═══ Source data

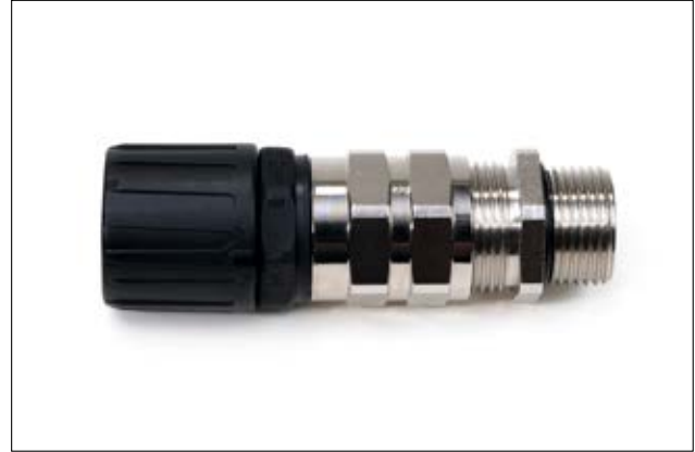
HG-SCG gerade Verschraubung mit Zugentlastung und Kabelabdichtung, Außengewinde.
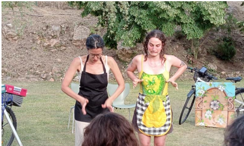
Ambite (Madrid), 20 junio 2025

Influ: (sorprendida y molesta) — “Pero, ¿cuántos churros necesitamos? ¿Cuánto se tarda en hacer un botijo?”
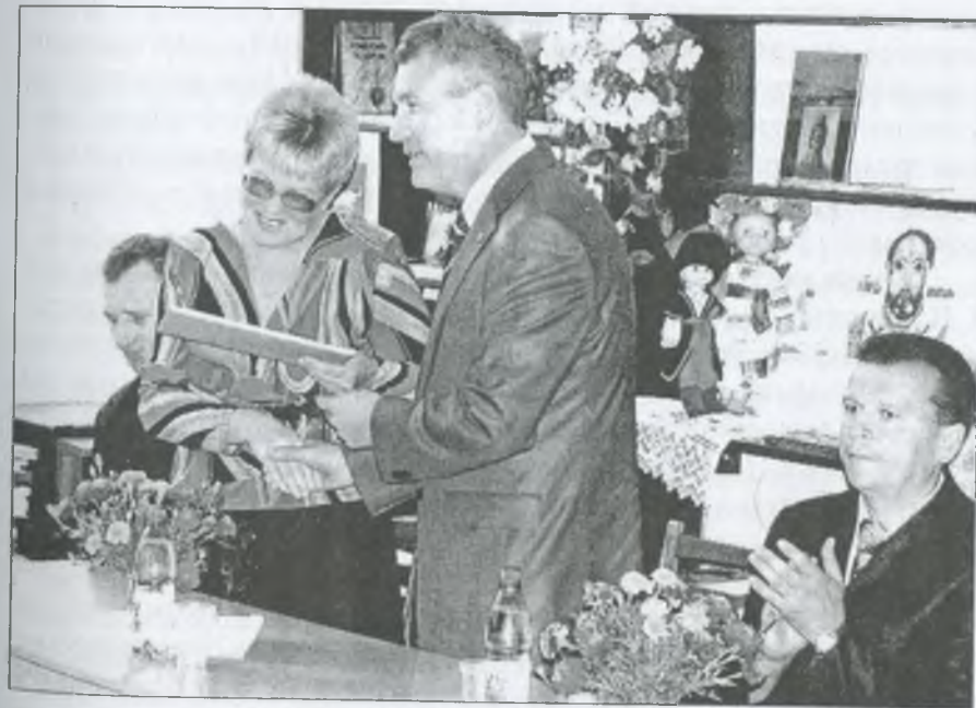
Святкування 60-річчя бібліотеки для дітей. 2009 р.

У залі — свято і чимало гостей. І линуть щирі слова вітань від голови районної державної адміністрації, депутата обласної ради О. І. Дудки, який завітав до почесних ювілярів разом зі своїм заступником П. П. Науменком.
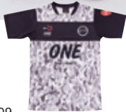
ONE-S0109 CAMO S/S TRAINING SHIRT COLOR: BLACK/WHITE ●○ QUALITY: POLYESTER SIZE: 110~150/XS/S/M/L/XL/XXL PRICE: 4,730 taxin
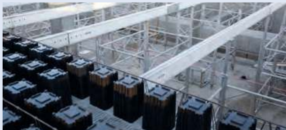
AirDeck på vandtanken i Viborg.
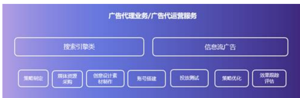
图：数字化营销服务

公司是链接互联网媒体资源与企业客户的桥梁，面对客户的多元化营销需求，公司基于深厚的行业积淀，通过腾讯、360、爱奇艺、今日头条、抖音等互联网媒体平台，为客户提供精准的广告投放及广告代运营服务。其服务模式主要为向客户提供互联网广告从策略制定、媒体资源采购、创意设计和素材制作、投放测试和策略优化以及最终投放效果跟踪评估的整体解决方案。
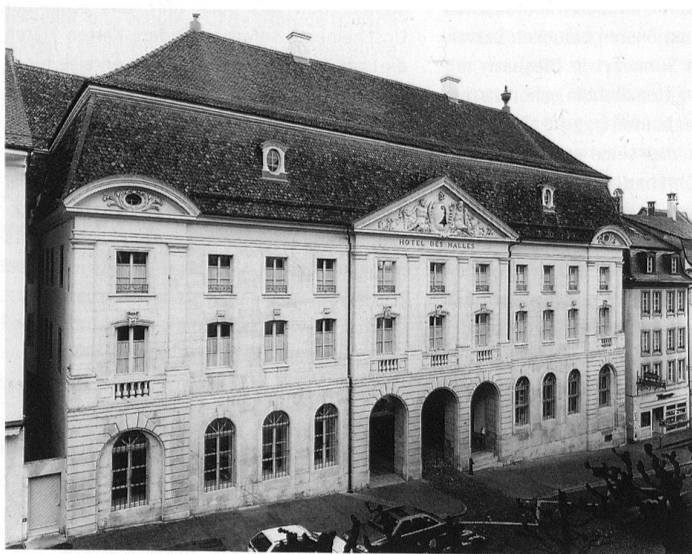
Porrentruy, Hôtel des Halles par Pierre-François Paris, 1766–1769, façade principale. (République et Canton du Jura, Office du patrimoine historique, Porrentruy; photo: Jacques Bêlat)

Les années 1750–1760 témoignent d'un encouragement éclairé aux arts, issu de la philosophie des Lumières. En étroite contact avec le royaume de France, la cour de Porrentruy entre naturellement dans la sphère culturelle française, bien que toujours rattachée au Saint-Empire. De plus, on y dénote un vif désir de luxe et d'apparat en une période de grande prospérité économique. Cependant, le faste de Porren-
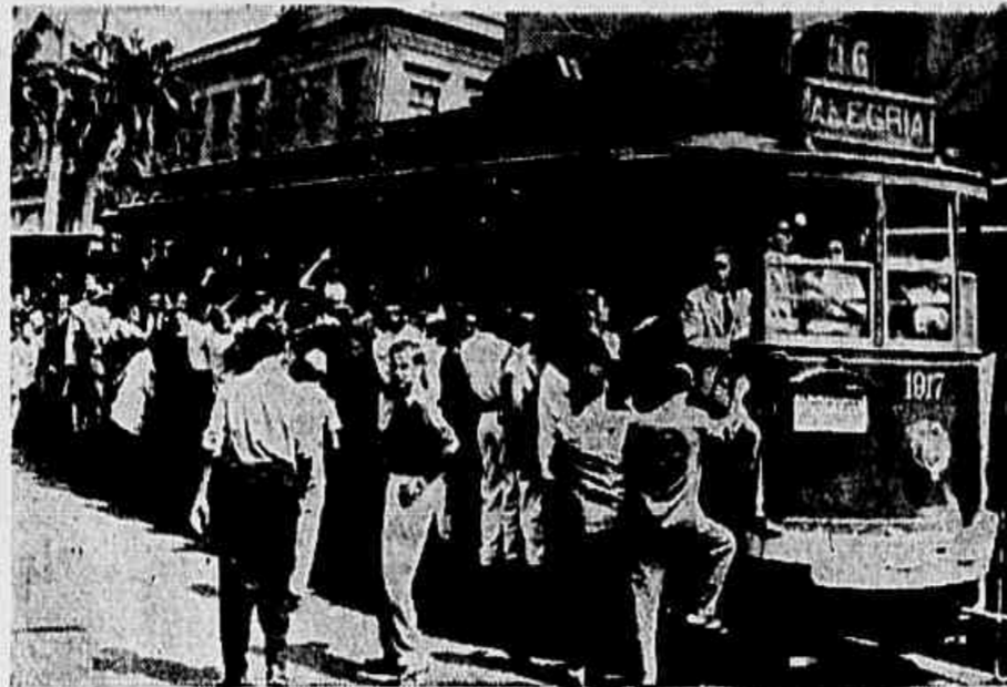
Cada bonde, como se vê no clichê, trofega com quatro ou mais vezes a sua lotação. Cada unidade, portanto, rende à Light soma idêntica a que tiraria de quatro em circulação na mesma linha. Para manter tal situação, ótima para os seus cofres, e aflição para o povo, é que os poderes públicos lhe concedem todos os aumentos de tarifas que pletica.

A associação, em causa existe desde 14 de julho de 1952, para defender as liberdades constitucionais e os direitos do homem.
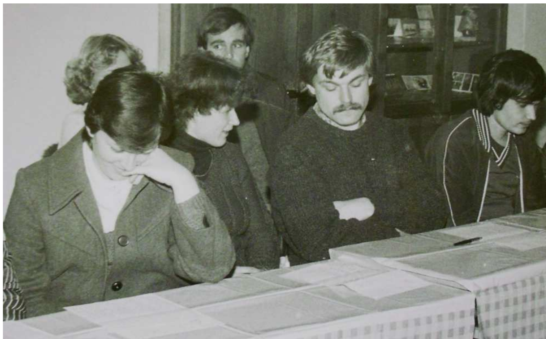
Příloha č. 26: Závod dvojic v rámci dne Pohádkový les 26
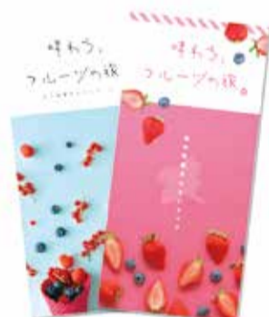
手に取りたくなる2種類の表紙
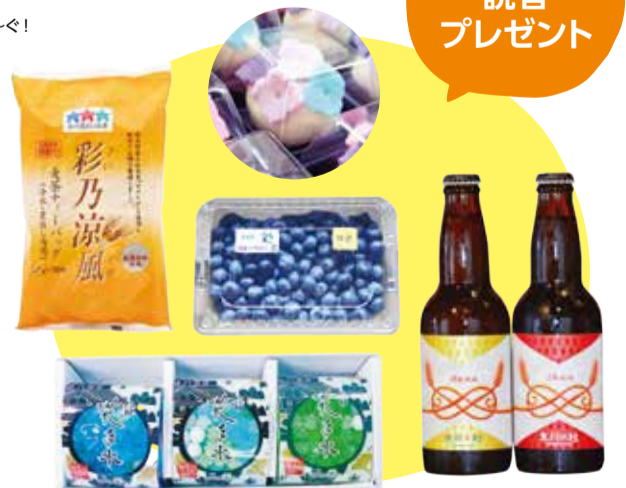
★写真はイメージです。
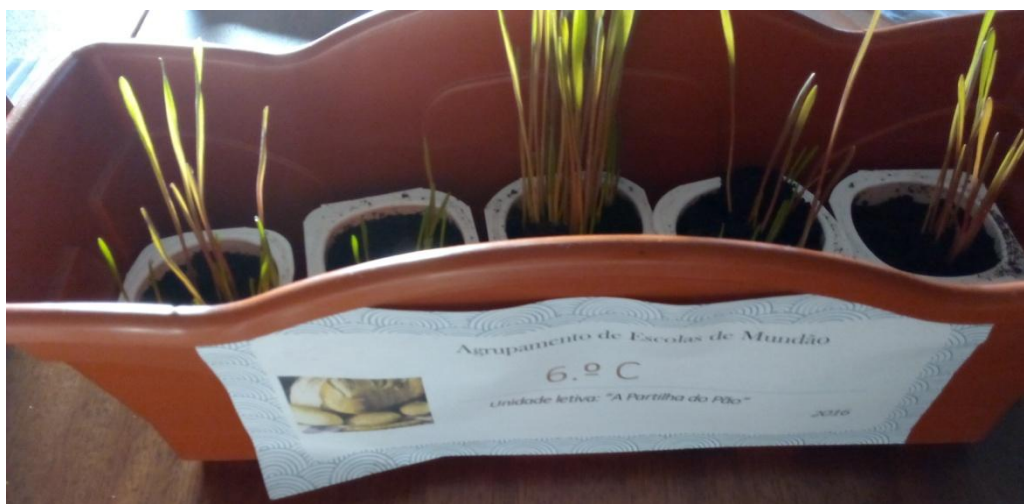
Figura 4 – O crescer dos grãos de outros alunos.

Anexo 3 – Para que os alunos pudessem presenciar o crescimento dos grãos, a professora entregou a cada aluno, dois grãos para semear em copos de iogurte reutilizáveis, na sala de aula.
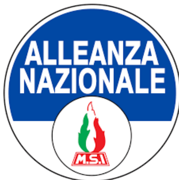
Znak strany Alleanza nazionale, kterou založil Gianfranco Fini, aby poněkud oslabil negativní postfašistické konotace tohoto pravicového uskupení
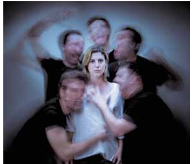
Imatge promocional de 'Jauría', de Velvet Events i Kamikaze Produccions. || V. RABADE

La fita és arribar a omplir totes les butaques dels teatres catalans el 16 de març, amb l'objectiu de convertir Catalunya en la capital mundial de les arts escèniques. D'aquesta manera, es vol posar en valor la capacitat que té la societat civil per mobilitzar-se davant una fita històrica que posa la cultura en primer pla. +
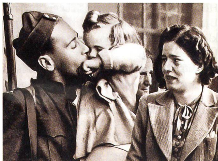
Familienabschied (aus «Sie und Er»).
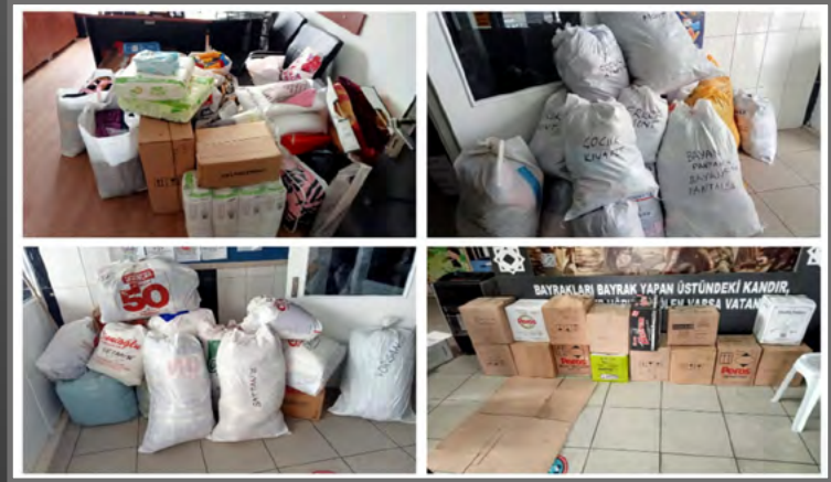
Tavşanlı 75. Yıl Ortaokulu
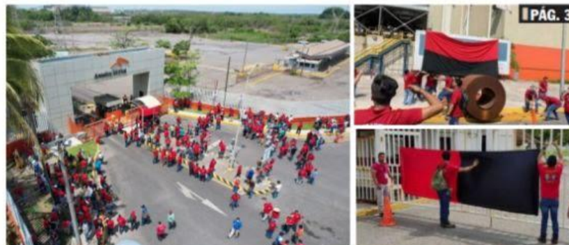
CD. LAZARO CÁRDENAS, MICH.- En este 2022 el sindicato minero estalló varias huelgas en la ciudad y puerto, en las empresas donde tienen presencia sus agremiados, como fue en ArcelorMittal, en el laminador, y en la empresa Fertinal.
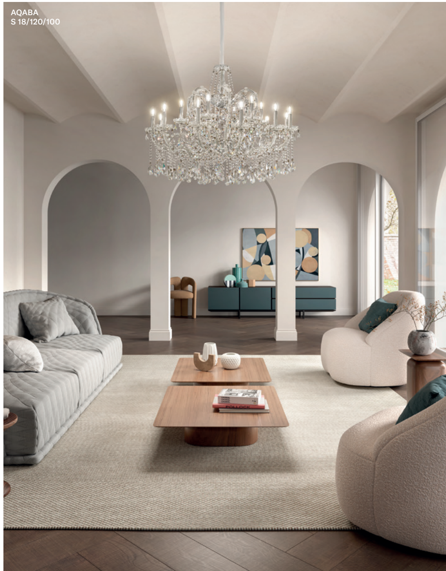
AQABA S 18/120/100

══════

*Problem to solve*.
Every record above needs to be repeated exactly; pictures are to be left out.

*Response to the task*.
HG-SCG gerade Verschraubung mit Zugentlastung und Kabelabdichtung, Außengewinde.
Ambite (Madrid), 20 junio 2025

Influ: (sorprendida y molesta) — “Pero, ¿cuántos churros necesitamos? ¿Cuánto se tarda en hacer un botijo?”
Святкування 60-річчя бібліотеки для дітей. 2009 р.

У залі — свято і чимало гостей. І линуть щирі слова вітань від голови районної державної адміністрації, депутата обласної ради О. І. Дудки, який завітав до почесних ювілярів разом зі своїм заступником П. П. Науменком.
ONE-S0109 CAMO S/S TRAINING SHIRT COLOR: BLACK/WHITE ●○ QUALITY: POLYESTER SIZE: 110~150/XS/S/M/L/XL/XXL PRICE: 4,730 taxin
AirDeck på vandtanken i Viborg.
图：数字化营销服务

公司是链接互联网媒体资源与企业客户的桥梁，面对客户的多元化营销需求，公司基于深厚的行业积淀，通过腾讯、360、爱奇艺、今日头条、抖音等互联网媒体平台，为客户提供精准的广告投放及广告代运营服务。其服务模式主要为向客户提供互联网广告从策略制定、媒体资源采购、创意设计和素材制作、投放测试和策略优化以及最终投放效果跟踪评估的整体解决方案。
Porrentruy, Hôtel des Halles par Pierre-François Paris, 1766–1769, façade principale. (République et Canton du Jura, Office du patrimoine historique, Porrentruy; photo: Jacques Bêlat)

Les années 1750–1760 témoignent d'un encouragement éclairé aux arts, issu de la philosophie des Lumières. En étroite contact avec le royaume de France, la cour de Porrentruy entre naturellement dans la sphère culturelle française, bien que toujours rattachée au Saint-Empire. De plus, on y dénote un vif désir de luxe et d'apparat en une période de grande prospérité économique. Cependant, le faste de Porren-
Cada bonde, como se vê no clichê, trofega com quatro ou mais vezes a sua lotação. Cada unidade, portanto, rende à Light soma idêntica a que tiraria de quatro em circulação na mesma linha. Para manter tal situação, ótima para os seus cofres, e aflição para o povo, é que os poderes públicos lhe concedem todos os aumentos de tarifas que pletica.

A associação, em causa existe desde 14 de julho de 1952, para defender as liberdades constitucionais e os direitos do homem.
Příloha č. 26: Závod dvojic v rámci dne Pohádkový les 26
手に取りたくなる2種類の表紙
★写真はイメージです。
Figura 4 – O crescer dos grãos de outros alunos.

Anexo 3 – Para que os alunos pudessem presenciar o crescimento dos grãos, a professora entregou a cada aluno, dois grãos para semear em copos de iogurte reutilizáveis, na sala de aula.
Znak strany Alleanza nazionale, kterou založil Gianfranco Fini, aby poněkud oslabil negativní postfašistické konotace tohoto pravicového uskupení
Imatge promocional de 'Jauría', de Velvet Events i Kamikaze Produccions. || V. RABADE

La fita és arribar a omplir totes les butaques dels teatres catalans el 16 de març, amb l'objectiu de convertir Catalunya en la capital mundial de les arts escèniques. D'aquesta manera, es vol posar en valor la capacitat que té la societat civil per mobilitzar-se davant una fita històrica que posa la cultura en primer pla. +
Familienabschied (aus «Sie und Er»).
Tavşanlı 75. Yıl Ortaokulu
CD. LAZARO CÁRDENAS, MICH.- En este 2022 el sindicato minero estalló varias huelgas en la ciudad y puerto, en las empresas donde tienen presencia sus agremiados, como fue en ArcelorMittal, en el laminador, y en la empresa Fertinal.
AQABA S 18/120/100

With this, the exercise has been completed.